Mature pRBC were enriched by gelatin flotation as previously reported [24] and counted under a microscope. Samples with more than 6% parasitaemia were diluted with non-parasitized red blood cells until to obtain 6% parasitaemia and hematocrit was adjusted at 2%. Also, all the pRBC preparations were free of white blood cell and reticulocytes. All experiments were performed during the first cycle of parasite development and isolates were confirmed to be Mycoplasma-free by PCR (data not shown).

Human endothelial cell culture

HLEC culture medium

HLEC were obtained from Professor Frederick Gay (INSERM UMRS 945). These cells predominantly express the CD36 receptor, in addition to other receptors such as Willebrand factor, ICAM1, VCAM1, CD31, E/P-selectin and chondroitin sulfate A [6].

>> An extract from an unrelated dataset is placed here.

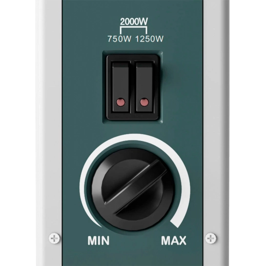 Olimpia Splendid CALEO METAL равномерно нагревает пространство радиусом 60 м3 до нужной температуры. Первый уровень нагрева – 750 Вт, второй – 1250 Вт и максимальная мощность – до 2000 Вт. Все уровни удобно регулируются механически до точной температуры. Кроме того, комнатный термостат поддерживает температуру и оптимизирует потребление.

HLEC were cultured in a pulmonary culture medium (PCm) composed of M199 medium (Lonza) supplemented with 10% inactivated FBS (Life Technologies), 5 μg/ml endothelial cell growth supplement (Sigma-Aldrich), 50 U/ml streptomycin-penicillin (Life Technologies), and 0.25 μg/ml fungizone (Lonza). Cells were grown to confluence at 37 °C with 5% CO2 and were used at the 10th passage. The cell lines were tested for Mycoplasma with the MycoAlert Detection Kit (Lonza) (data not shown).

hCMEC/D3 culture medium

The hCMEC/D3 were provided by Professor Pierre Olivier Couraud (INSERM, U1016, Paris, France). This immortalized line of human brain endothelial cells was produced from freshly isolated adult cells. It maintains in stable manner (at least 80 doublings) a differentiated phenotype similar to that of cerebral endothelial cells and forms homogeneous and stable confluent monolayers. hCMEC/D3 express many endothelial markers, including CD31, ICAM1, vWF and VE-cadherin, and blood-brain-barrier (BBB) markers such as proteins associated with tight junctions (ZO-1, JAM-A, claudin-5) [18].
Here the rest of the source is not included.